Blumnet is an skeleton detector based on DETR and DeformableDETR. It treats the skeleton as graph, detects skeleton curves, endpoints and junctions, and reconstructs graphs.

Citation

@article{Zhang2022BlumNet,
title={BlumNet: Graph Component Detection for Object Skeleton Extraction},
author={Zhang, Yulu and Sang, Liang and Grzegorzek, Marcin and See, John and Yang, Cong},
booktitle={ACM International Conference on Multimedia},
pages={5527-5536},
year={2022}
}

License

This project is released under the Apache 2.0 license.

Usage

1. Install requirements

  • Linux, CUDA>=10.2, GCC>=5.4, Python>=3.8

We recommend you to use Anaconda to create a conda environment:

conda create -n blumnet python=3.8
conda activate blumnet
  • PyTorch>=1.8, torchvision>=0.9 (following instructions here)

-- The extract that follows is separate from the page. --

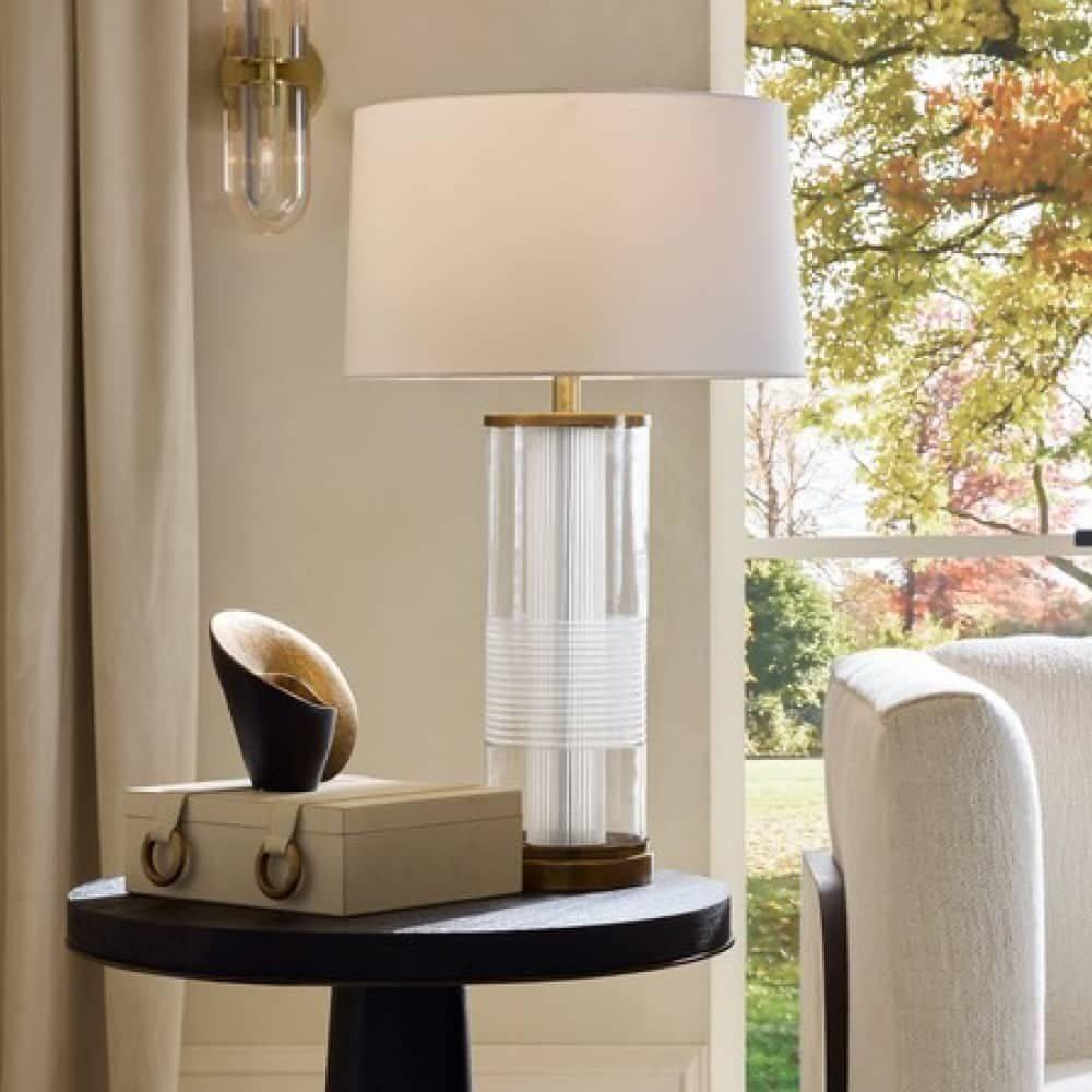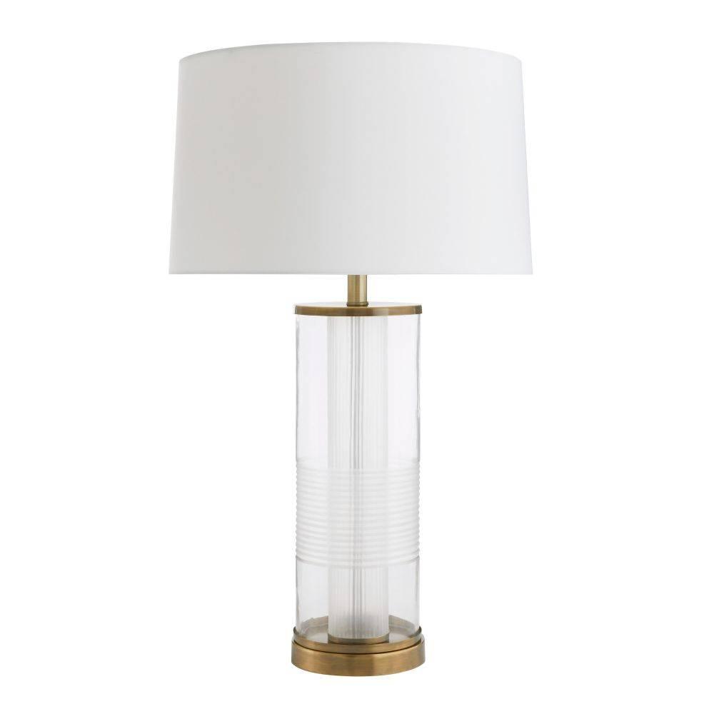 Clear etched glass and vintage brass form an alluring combination on our tailored table lamp. A brass-plated iron base is surrounded by intersecting etched cylinders that play with layering and transparency. An off-white microfiber drum shade lined in off-white cotton is secured with a matching finial.

For example, you could install pytorch and torchvision as following:

conda install pytorch=1.9.0 torchvision=0.10.0 cudatoolkit=10.2 -c pytorch
  • Other requirements
pip install -r requirements.txt

2. Compile CUDA operators

This is for deformable transformer.

cd ./models/ops
sh ./make.sh
# unit test (should see all checking is True)
python test.py

3. Download backbone weights

Download the weights for backbones:

bash detection/download_backbones.sh

tree models/pretrained/ # check files

Make sure you get these files for pretrained backbone weights

models/pretrained/
├── swin_base_patch4_window12_384_22k.pth
└── swin_small_patch4_window7_224.pth
└── vgg16_caffe-292e1171.pth

4. Prepare datasets

Please download sk1491 from GoogleDrive and organize them as following:

code_root/
└── datasets/
    └── sk1491/
        ├── test/
        ├── train/
            ├── im
            ├── gt
            └── train_pair.lst

We also provide the other datasets' links: sk506, SymPASCAL, WH-SYMMAX. Note that these datasets' format is a bit different from their official version, the png/jpg files are extracted from original .mat files. As the groundtruth of formal datasets do not distinguish skeletons between multiple objects, we add some stitched images to sk1491, so that we could get more than one skeleton graphs per image. Based on this augmentation, it's easy to try Blumnet on multi-skeletons situation. We name the augmentated dataset sk1491_mix.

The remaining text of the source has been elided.